We were emotional.  We had a lot to say.  We have a lot of feelings.

And we have a goal.  We want to end the madness, the drinking, the drugging, the doping, the dipping and the dumb ass decisions.

Now, the project?  How we get there. 

Nothing like a bunch of women, pissed off women, on a mission, getting things done.

If a bunch of ladies can march to Washington, DC and get the drinking age changed in the USA, surely we can get things done in one little county. 

For the first time in weeks, I am excited.

Franklin and I have believed that there was a reason that this hell showed up at our door.  We were chosen to make a difference.

This is about the Walkers and the Addies.  They too will grow up soon and be faced with difficult decisions.  Information is power. 

I am so excited.  Excited about the ladies I met and what they have to contribute. 

I am excited about what we can do together.  I am excited about the differences we can make and the families we will never know we saved.

Friday, November 4, 2011

it wasn't supposed to be this way, but...: the person on the other side of the mirror

it wasn't supposed to be this way, but...: the person on the other side of the mirror: I had a meeting with the "button" the other day at "fall semester". I sat there in the chair waiting for the "button". I had written an a...
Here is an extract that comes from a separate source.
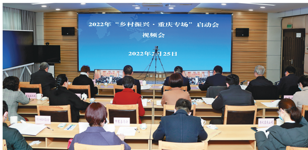
2022年“乡村振兴·重庆专场”启动会视频会现场

从初步尝试到全面参与,从1元到11.33亿元,从实践到应用理论研究,近年来,市慈善总会积极探索“互联网+慈善”,互联网公益实现了零的突破和历史性飞跃。透过独具特色的互联网募捐模式,市慈善总会渐渐摸索出“指尖聚善”的初型。

the person on the other side of the mirror

I had a meeting with the "button" the other day at "fall semester".

I sat there in the chair waiting for the "button".  I had written an agenda on the back of my hand so I could stay focused.

Nothing, nothing, nothing can prepare you for seeing your child in orange and in handcuffs.  Nothing. 

There he was and there went the agenda right out the window.

As he sat down, there we were, mother and son seperated by a glass window. 

My grandmother always said that the "button" was "like a fart in a skillet, all over the place."  Wow, she should have been here. 

He was, all over the place emotionally.  Maybe he was excited, nervous, happy, who knows but his emotions were everywhere, kind of like my pms emotions.

Anyway, after the business was discussed, I asked the dreaded questions, "just how bad is your drinking problem?"

He responded, "not that bad, I just needed more counseling."

It was at that moment that I know I was overcome by a cartoon character....My eyes BULGED out of their sockets and were protuding forward with my hands gripped on the counter securing me in the chair instead of going through the glass..."isn't that what the rehab center was for?"  I had to ask.

I sat there and looked at him and was soooo caught off guard.  He needed a haircut, he looked like he hadn't slept in about four months and his skin looked dull. The "button" is neat as pin and always has a short haircut and it was just hard to look at him.

I must tell you, this wasn't a scene from a movie with some adoring mother on the other side holding her hand up to the glass for him to reach out and touch.

I wondered, when he looked through the glass, did he see a loving mother or did he "really" see me?  Could he see that instead of the hand connecting on the glass, I wanted to take my hands and put them around his neck?  Did the see this?  Could he feel it?  Is that why he was soooo all over the place? 

It had never occured to me that he might be looking at me differently.  Did he see how poorly I looked?  Did he notice the stress on my face or did he just think that my anti-aging cream wasn't working like it said it would on tv?  Did he notice my bags under the eyes and that my skin was red and dewey from the tears I shed in my car before I walked in?

And it wasn't mentioned.  The glass was between us.  My child is twenty miles away and I cannot talk to him, touch him or see him.  That damn glass was like an ocean seperating two continents.

I left emotionally drained.  I honestly should not have gone.  I wasn't ready.  I am still angry, hurt, devastated and in despair.  I should have waited.  You  know what they say, "if its and buts were candy and nuts, we would all have a flipping Merry Christmas."

I have thought so much about the meeting.  I have thought so much about everything.  I am thought out.  I cannot think anymore.  I need a project.  I guess I could wash my windows.